The stanzas with longer lines describe the scenes of a barren and impersonal modern world that Hephaestus creates in Auden's version. In the first scene described by these stanzas, an anonymous, dispassionate army listens. In the second scene, a crowd of ordinary people watch passively as three "pale figures" are dragged towards and tied to posts. In the third scene, a "ragged urchin" throws a stone at a bird; he takes it for granted "that girls are raped, that two boys knife a third," and "has never heard of any world where promises are kept / Or one could weep because another wept." In the closing stanza, composed of short lines, Thetis cries out in dismay at what Hephaestus has made for her son, "who would not live long."

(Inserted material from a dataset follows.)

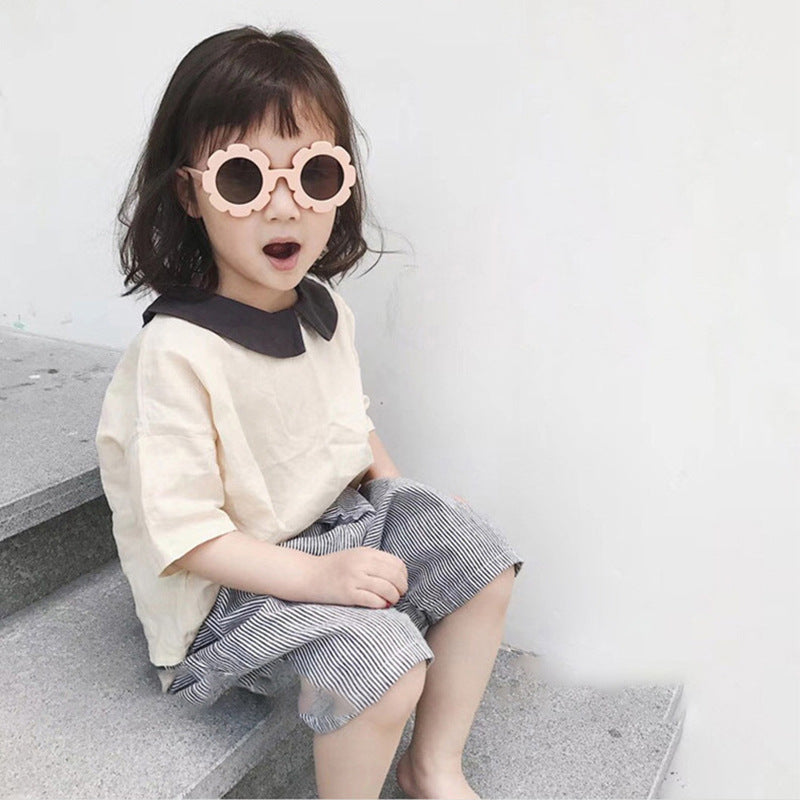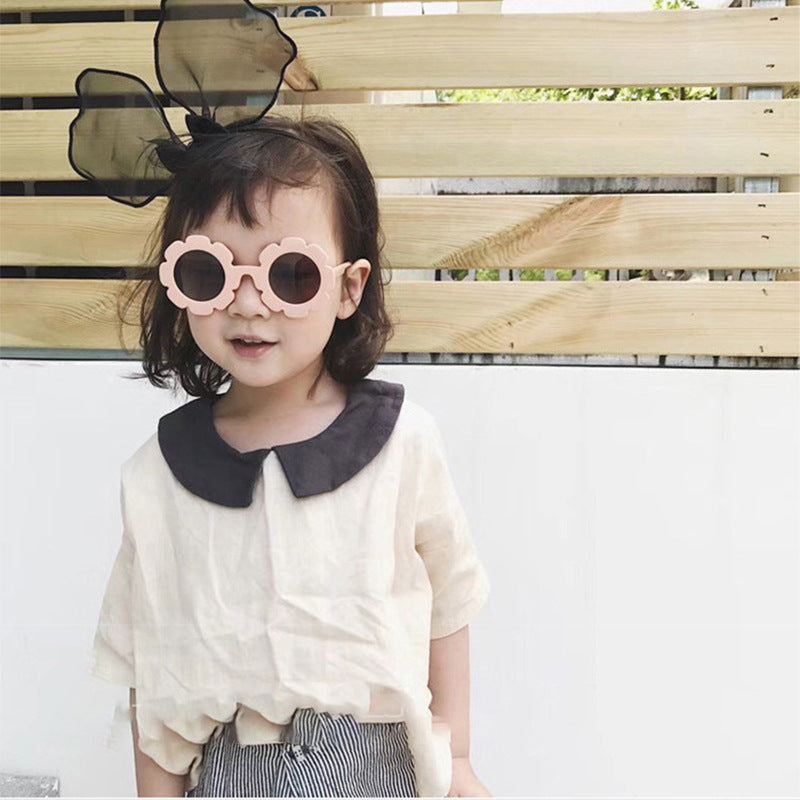 2022 fashion sunflower children's sunglasses Korean cartoon round frame jelly color petal sunshade sunglasses

In these contrasting stanzas, Auden reflects on the differences between the vital, lyrical Achaean world described by Homer where, even amid warfare, imagination naturally ran to scenes of peace, and the violent, barren world, lacking any hope and meaning, that Auden himself imagines.

==Collection==
The poem is the title work of The Shield of Achilles, a collection of poems in three parts, published in 1955, containing Auden's poems written from around 1951 through 1954. It begins with the sequence "Bucolics", then miscellaneous poems under the heading "In Sunshine and In Shade", then the sequence Horae Canonicae.

It won the U.S. National Book Award for Poetry in 1956.